# New Brother Lock 925D - Any ideas on what I can make with it.



## stitch-a-bility (Dec 15, 2008)

:help:I was blessed with a like new Brother Lock 925D and I'm not sure what all I can make with a serger. I've been putting my purses through it and I love it. But what else can I do with it? And is there any other ways it will sew besides serging? I don't know anything about them. Open to all advice and suggestions. LORD BLESS YOU!


----------



## CJ (May 10, 2002)

I have a wonderful book called "Serger Secrets" that shows all sorts of really cool ways to use your serger, with decorative threads and flatlocking, rolled hems, etc.


----------



## BusyBees2 (Dec 10, 2004)

CJ, Who's the author on that book? I've been looking for one to teach me serger basics, and can't find a serger book at a sewing store anywhere!

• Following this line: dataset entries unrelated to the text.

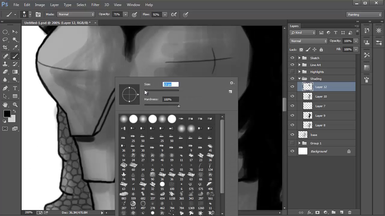 Hi, and welcome to the fundamentals of digital painting. My name is Nas Peters and in this video we are going to continue working on the grayscale. We will be making the details of the character more prominent, which will allow for more depth in the illustration. As we did in the previous grayscale video, we are going to be using the brush tool, opacity levels and fill percentage, as well as changing the brush size throughout. We will be creating new and separate layers for the shades and the highlights and applying different blending modes and opacity levels on these two. And we'll of course use the eraser tool as well when you make little mistakes here or there or need to adjust a brush stroke. By now you'll be a bit more comfortable using shortcuts and or will find it easier to locate the tools in the toolbar. Due to this I won't be repeating the shortcuts as often as I did in the previous videos. It's not a race though, so take your time and use a cheat sheet if you need it, or go back to the shortcut video to refresh your memory. Where we used relatively large brush sizes in the previous grayscale video, we are going to be using a much thinner brush this time around. Create a new layer on top of all the other shading and highlight layers and aim for a brush size between five and ten px. The other shading layers are quite low in the pass view. This is so it blends well with the base grey color, where as the shading layer we are going to paint now will be much darker creating a new nuance and adding more depth to the painting. Once you have chosen your brush size, zoom in and pick an area you want to start on. I'm starting off with the hair. You'll notice that I'm basically following the liner which is most covered by the other shading layers. Use the hand tool to move the canvas around as you continue to apply the shade. You want to fill in the darkest areas again but also extenuate the shape of what you're painting by contouring the liner with thin brush strokes. With the hair, you want to use the shading layer to separate the strands from one another with a shadow. For the face, you want to touch the features which are either surrounded by more prominent features. For example the eye sockets are more deeply settled in to the skull and surrounded by a brown cheekbones, as well as temples and the bridge of the nose. All these cast a shadow on the eye socket, making this a darker area than other parts of the face. Considering the light source, the underside of her nose is not in direct contact with light so you can add a shadow there. More often than not, one lip is more shadowcast than another. Usually it is the upper lip as the bottom one protrudes further forward than the upper one. We want to contour the face with shadows as well as her face is completely surrounded by hair. So the hair would cast a shadow onto her forehead and cheeks. You can use a much larger brush lowering the opacity to fill in the darker side of her face. In this case that would be the right side. Press down lightly with your tablet pen and cover the side of her face with a heavier shadow. You can use circular motions to blend it in with the harsher shadow along the edge of her face. If you're finding pen pressure a bit tricky just lower the opacity way down so the brush strokes won't risk being too dark. Remember that it's okay to fill entire sections off with a shadow. Even if you feel you are losing detail in the illustration, contrasting elements and materials will give you a much more in-depth result. I sometimes use a different brush that has a square aspect for materials such as metal. It gives it sharper edge shadows and creates a slight difference between the rest of the shading. The brush is available in the default brushes, same settings as the hard-edged round brush. You want to play around with brush size and opacity levels here as well. The metal that overlaps one another is where a lot of shadow would be, so allow it to be much darker there than the rest. You don't want the shadow to bleed out too far into the metal plates as metal is reflective and highlights will play a bigger role in these materials. Now you want to continue applying this onto the entire character. Just focus on folds, indents, creases and overlapped sections in the character illustration, and focus the shading on there. Remember that the main light source is coming from the front left. You can black out the belt area a lot as well as her side behind the shield. The underside of her braid, and the parting between her pants. Make sure to darken the underside of the cloak around her hip as well. You can always pause the video and look at the unblended shading as I have it, and use it as a reference. When you are ready, we can apply a blending mode on the layer, and lowered in opacity. It's too overwhelmingly dark right now. So we want to tweak this. I end up using blend mode multiply and lower the opacity to 40%. There are still some areas that should be far darker than the overall shade on the character. Create a new layer, select the brush tool, and use a big size. Now, just touch up the darkest area so they're obviously different in tone from the overall character shape. This includes the left shoulder, the neck, the underside of her braid, the top of her forehead, the inside of her left arm, and her right side. Add more contrast to the center of her legs as well as the underside of the cloak. Once that is done tweak the blending mode and the opacity level until you are happy with the result, these areas need to be darker than the rest of the shading. And there we are. We can now focus on the highlights. There won't be as many highlight layers as there were for the shading. First we are going to tweak the highlight layer we already have. So go into the highlight folder, select one layer in there and lower the opacity level from 50 to about 40%. This way the white isn't as harsh and the gray base color blends smoothly into t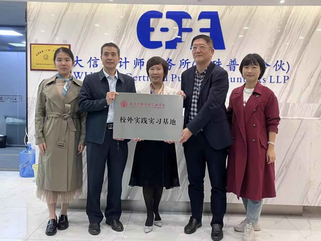 大信会计师事务所(特殊普通合伙)广州分所于2012年12月20日成立,在财会专业服务行业深耕十多载。业务范围涵盖上市企业审计,上市策划、IPO辅导,会计报表审计、商业移民财务审计、项目可行性研究、企业战备研究、企业制度诊断及调整、企业经营诊断及调整、营销模式可行性研究、企业投资、融资策划、财务管理咨询、税务策划、企业绩效评价、工程预决算审核、验资等全方面审计、税务和咨询服务。该所每年需要实习生200多名,每年新招工作人员20多人。院企双方就本科生、研究生来事务所实习和未来就业等问题达成共识。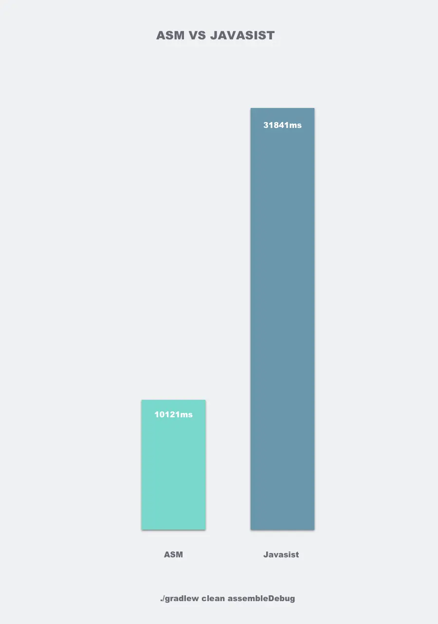 我们可以来做一个对比,上面我们所做的计算编译时间实验的基础上,做如下试验,分别用ASM和Javasist全量处理工程所有class,并且都不开启并发处理的情况下,一次clean build中,transform的耗时对比如下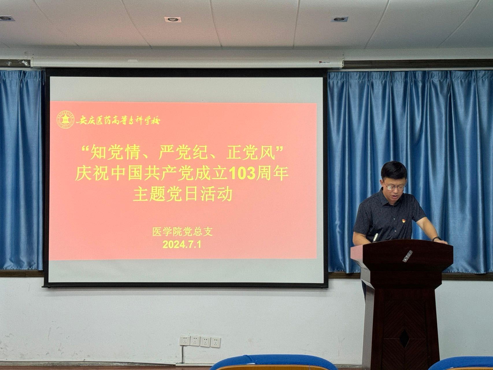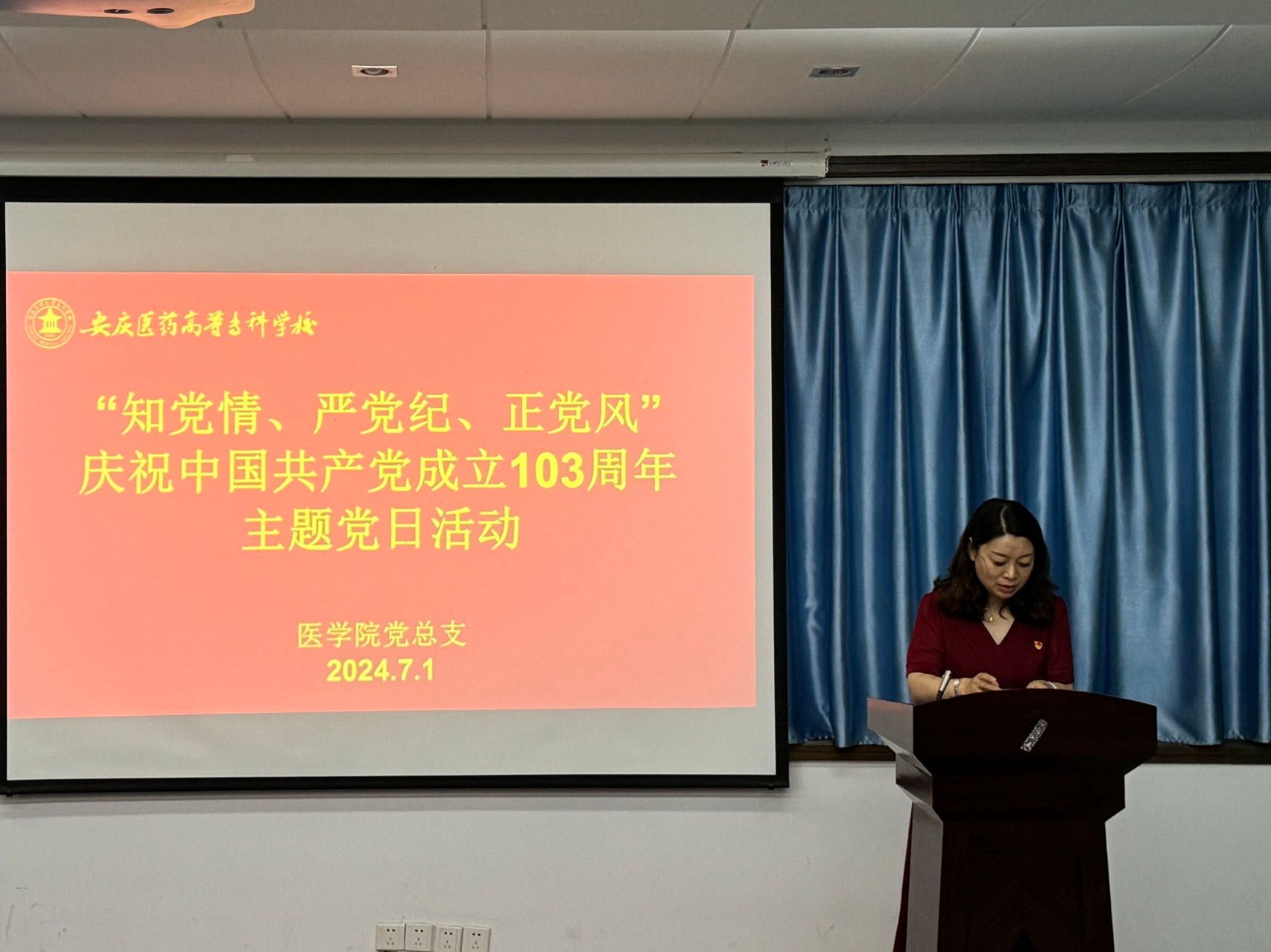 为庆祝中国共产党成立103周年,深入学习贯彻习近平新时代中国特色社会主义思想,进一步推进党纪学习教育走深走实,2024年7月1日,医学院党总支在外科手术观摩室开展“知党情、严党纪、正党风”庆祝中国共产党成立103周年主题党日活动。会议由医学院党总支书记刘燕主持。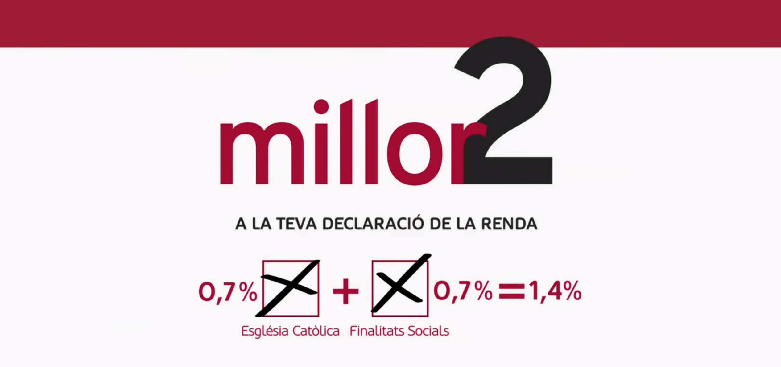 Quan marques conjuntament les caselles “Església catòlica” i “fins socials”, aportes l’1,4% dels teus impostos al sosteniment de l’Església i contribueixes a donar suport a projectes d’atenció a persones en situació de pobresa i exclusió. Recorda que es poden marcar les dues caselles i que no hauràs de pagar més ni et tornaran menys.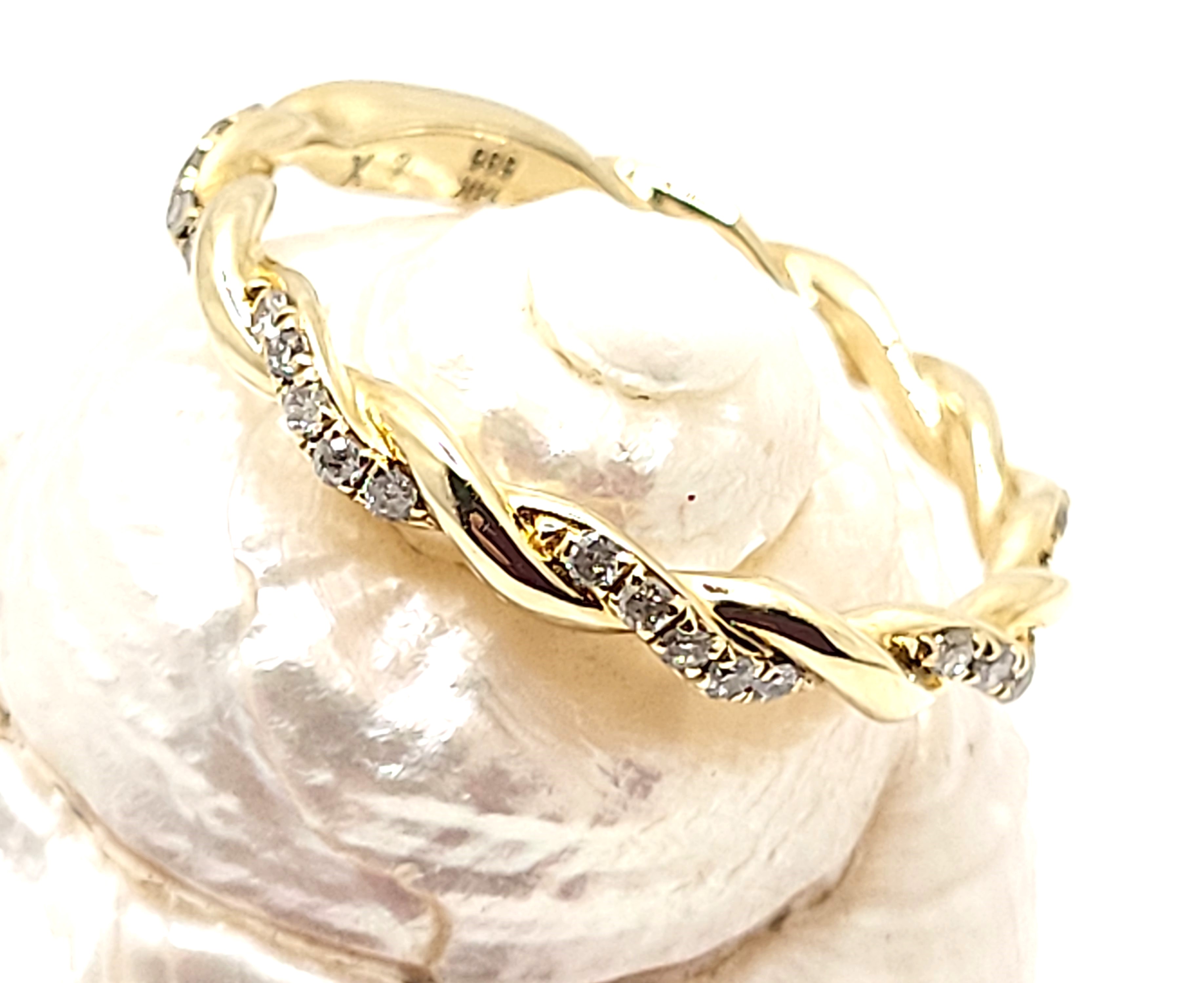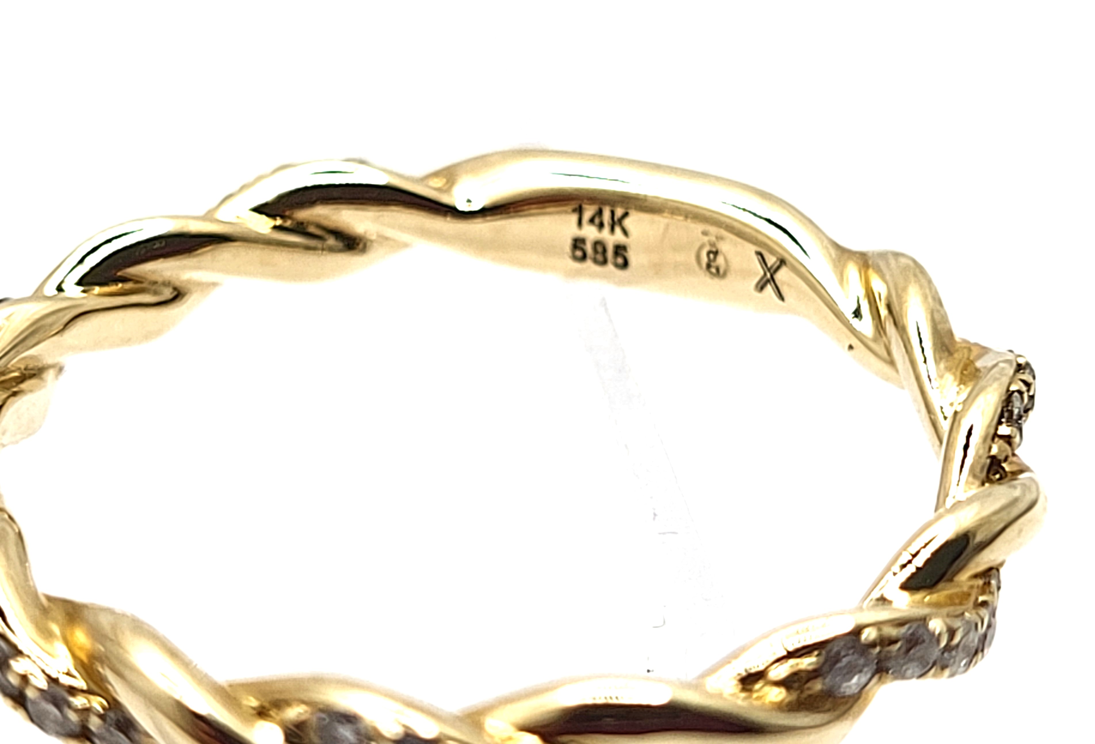 This 14 karat yellow gold ring is like a magical tendril from a vine that has captured your finger. It features .21 carats total weight of round, brilliant-cut, H-I color, SI2-I1 clarity diamonds in its spiraling design. The ring is approximately 2mm thick and US size 7.25. It can be sized for an additional charge. Please contact Bidfair Fine Jewelry for sizing details. This is a brand new item with manufacturer’s approval to sale in a public auction. It is in excellent condition, but may have fine scratches from shipping or storage. Admin: G11241/25ilt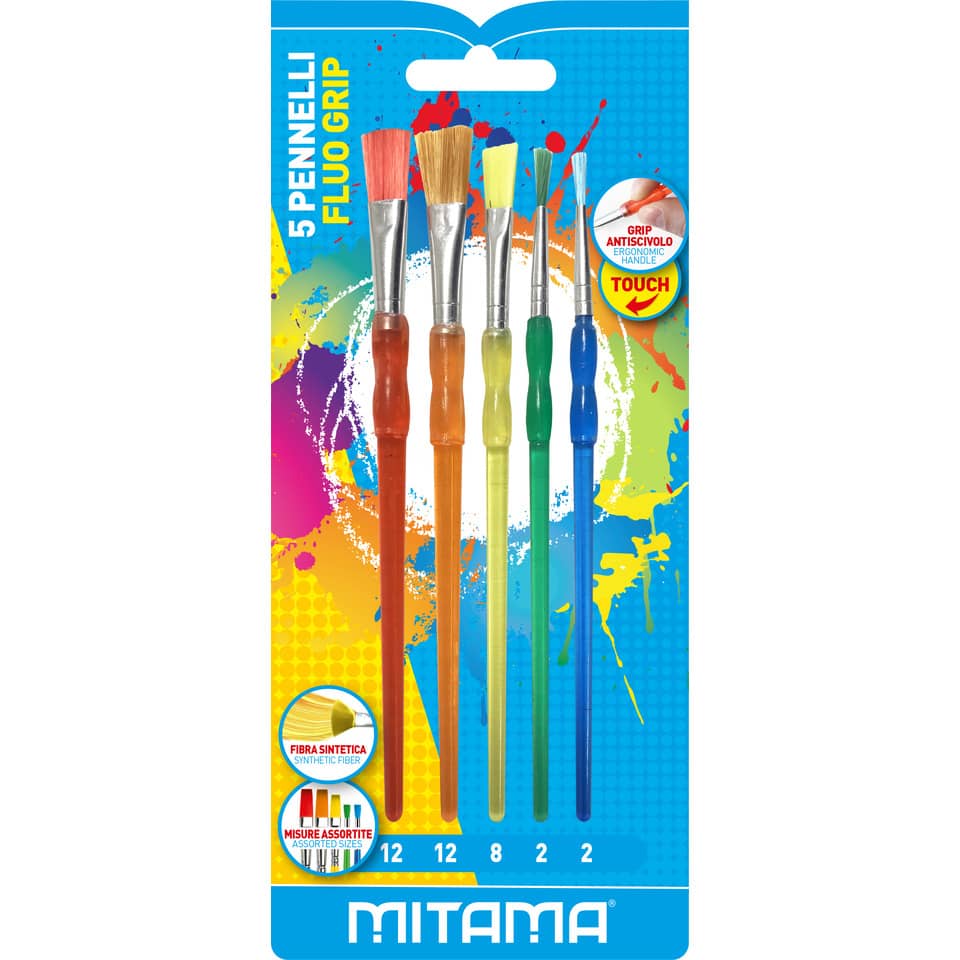 Pennelli colori fluo con grip antiscivolo, confezione composta da 3 pennelli piatti e 2 pennelli tondi. 2 pennelli misura 12, 1 pennello misura 8 e 2 pennelli misura 2. Colori assortiti. In fibra sint...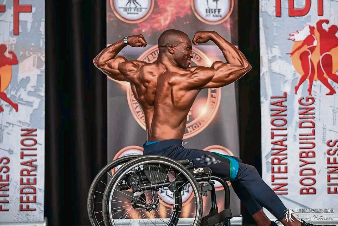 After taking part in the World Championships recently held in Slovenia and becoming the first wheelchair-bound bodybuilder pro in not only South Africa but also the whole continent, it is hard to believe that this man, from a humble informal settlement in Nelson Mandela Bay, had only been a bodybuilder for approximately a year.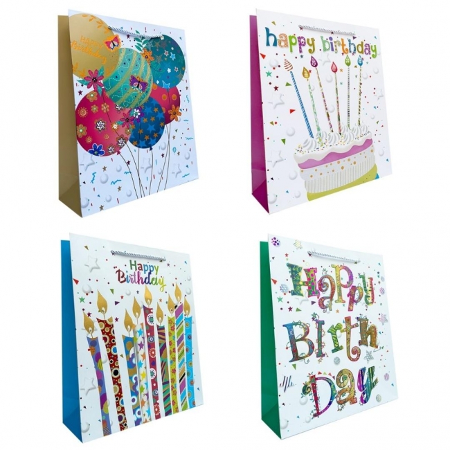 Torebka prezentowa urodzinowa L metaliza mix

Need to hit a book store I guess.
thanks


----------



## CJ (May 10, 2002)

I sorry, I should have posted a link. Here it is.


----------



## BusyBees2 (Dec 10, 2004)

thank you very much!


----------



## stitch-a-bility (Dec 15, 2008)

Thanks CJ!!! I've looked at the book on Amazon and I'm planning on buying it.

So can I use it to put my liners in my purses? And to sew my straps together? So you can do more than just trim up things on it? I've got alot to learn about it. Sorry so many questions!!

But I really appreciate all the posts that are put on HS. They help me alot.

Do you have anymore favorite books on sewing? I need all the help I can get.

LORD BLESS YOU!!!
Angela


----------